Blood Beat

BLOOD BEAT must have been made made by people who have never seen a film in their lives. It’s directed/written/shot/composed by a Frenchman in the snowy land of Wisconsin, populated by non-actors stiffly delivering lines, and it stars a glowing killer samurai. It takes place during Christmas. It really shouldn’t work.

And it doesn’t!

Blood Beat

From every conceivable angle BLOOD BEAT is an absolute bore. There’s no suspense, thrills or excitement. The pace is glacially slow. The muders are POV slashing sequences from the glowing samurai in which he does nothing but breathe heavily and walk slowly. It’s all linked to a woman a man has brought to visit his family of hunters – a woman that his physic mother doesn’t trust at all! Eventually the glowing Samurai faces off against a bunch of people with glowing hands. They stare at each other, eyes crossed, lips pursed in a “I’m about to poo” grimace until the Samurai falls over and everyone in the film (still alive) lives happily ever after.

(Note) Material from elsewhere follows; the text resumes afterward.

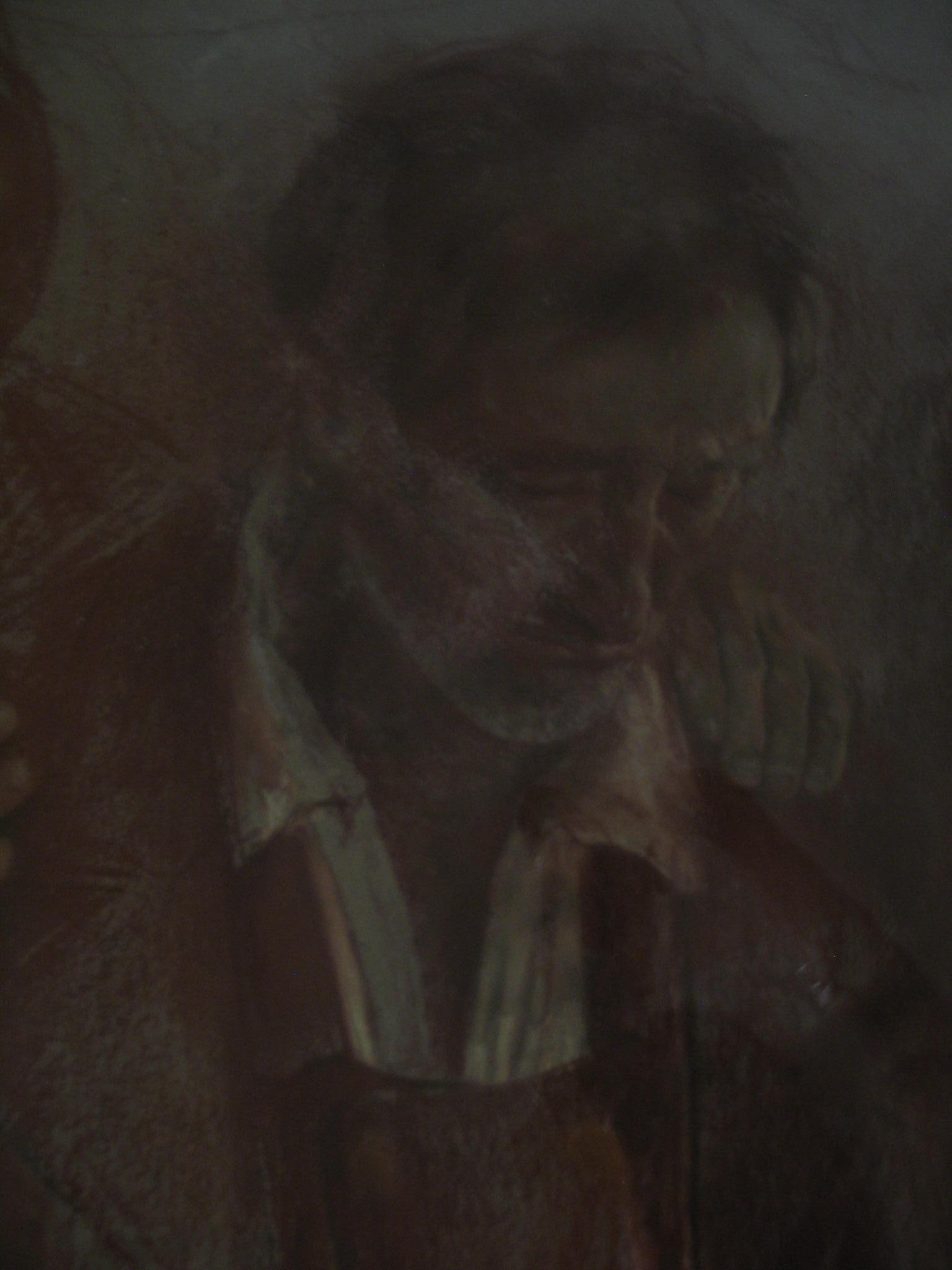 Questo dipinto rappresenta il dolore di un uomo accompagnato da due donne, una giovane, con viso e sguardo proiettati verso il futuro, e una anziana, che lo sostiene mestamente. L’atmosfera è di estrema sofferenza. Non servono parole: tutto è già reso esplicito dall’atmosfera e dai protagonisti, in un dialogo muto tra di loro. I colori stessi, tra il rosso, il bordeaux, il marrone, rendono ancora più cupa l’atmosfera. I tratti sono segnati, marcati con una certa violenza formale, incisivi, anche su volti eccessivamente magri e scavati, come quello dell’uomo

No one discovers the mystery of the samurai, because no answer would satisfy, and we are forced to look our existense in the eye and demand ‘Do we hear the beat of the blood?”

Blood Beat

If you approach it from the perspective as a slice of experimental nonsense cinema, maybe you can get something out of it? It’s not just a bad movie, but a baffling movie. The kind that demands an analysis of what the director was thinking when he wrote, shot, cut every single scene. It’s a distant cousin of such masterpieces as THINGS or SCIENCE CRAZED, film that are so off the wall that they make you question your own structural understand of reality. BLOOD BEAT doesn’t quite make a mind warp, but it’s pretty close.

It’s the perfect film to put on during a Christmas party. No one really watches it. Odd images pop up every now and then. Maybe someone sees something and laughs. And that is all.